# Don’t Want Windows 10? You’re Getting It Anyway!



## Mike (Oct 2, 2015)

I got an Email about this the other day with instructions
about how to stop windows 10 downloading into your PC
if you are not going to have it.

See below.

Mike.

*Since June, Windows 8.1 and 7 users have had the chance to say ‘Yes’ to a free upgrade to
Windows 10. Via a little white Windows icon near the clock on the task-bar, you ‘reserve’ your
copy, and after a few days when the 3-6 GB of files have dribbled down to your PC, you’re told
you can now upgrade.

If you didn’t ‘reserve’ your copy and just ignored that icon, it’s reasonable to expect that none of
this would happen. But, it seems, Microsoft won’t take ‘No’ for an answer.

Apparently, any PC that’s eligible for the upgrade is getting it anyway.

Whatever you decided, the Windows Update system downloads that immense amount of data
and then starts prompting you to install Windows 10. And if you find and delete the folder containing
all that data?
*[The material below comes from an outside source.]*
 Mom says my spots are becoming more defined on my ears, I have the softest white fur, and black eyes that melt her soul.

It just gets downloaded again!

This is disgraceful behaviour, and perhaps the outcry surrounding it will lead Microsoft to rethink it.
In the meantime, though, what can you do about it?
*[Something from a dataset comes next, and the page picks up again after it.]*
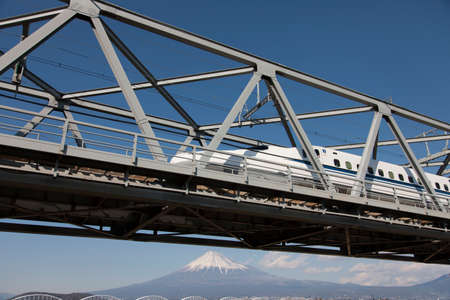 Shinkansen bullet train speeding through the Japanese countryside with Mount Fuji in the background
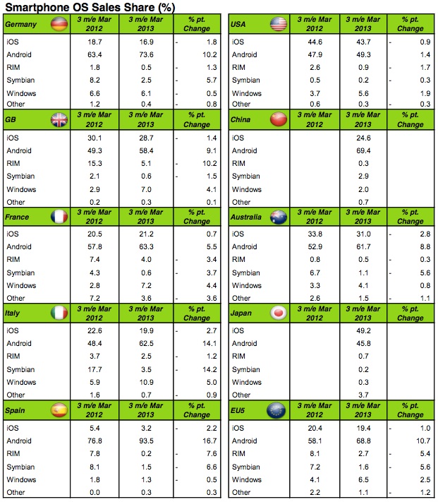 เมื่อดูจากผลสำรวจ จะเห็นว่า Android ยังคงเป็นผู้นำในด้านยอดขายในตลาดแทบทุกแห่ง ไม่ว่าจะเป็นตลาดที่พัฒนาแล้วอย่างอเมริกา, อังกฤษ และเยอรมัน หรือตลาดที่กำลังพัฒนาเช่นประเทศจีน และตลาดที่กำลังประสบปัญหาเศรษฐกิจอย่างสเปน แต่ก็ยังมีตลาดญี่ปุ่นที่ iOS ยังเป็นผู้นำอยู่ ซึ่งนับได้ว่าไม่มากเท่าไหร่เพราะในญี่ปุ่น iOS มียอดขายที่ 49.2% ส่วน Android ตามอยู่ที่ 45.8% เท่านั้น

Well, if you plan to upgrade to Windows 10 sometime, it seems you’ll have to put up with it.
But if you’re certain that you’ll never upgrade, and you’re receiving regular prompts to do so,
you can follow the steps below to put an end to it:

Go to the Windows Update section of the Control Panel, choose Change settings and select
Check for updates but let me choose whether to download and install them, then click OK.

    In the bottom-left corner, click on Installed Updates. Use the search box to find the two updates
responsible for this behaviour and uninstall each when you find it:

        In Windows 8.1, find and uninstall  KB3035583 and KB2976978.

        In Windows 7, find and uninstall     KB3035583 and KB2952664.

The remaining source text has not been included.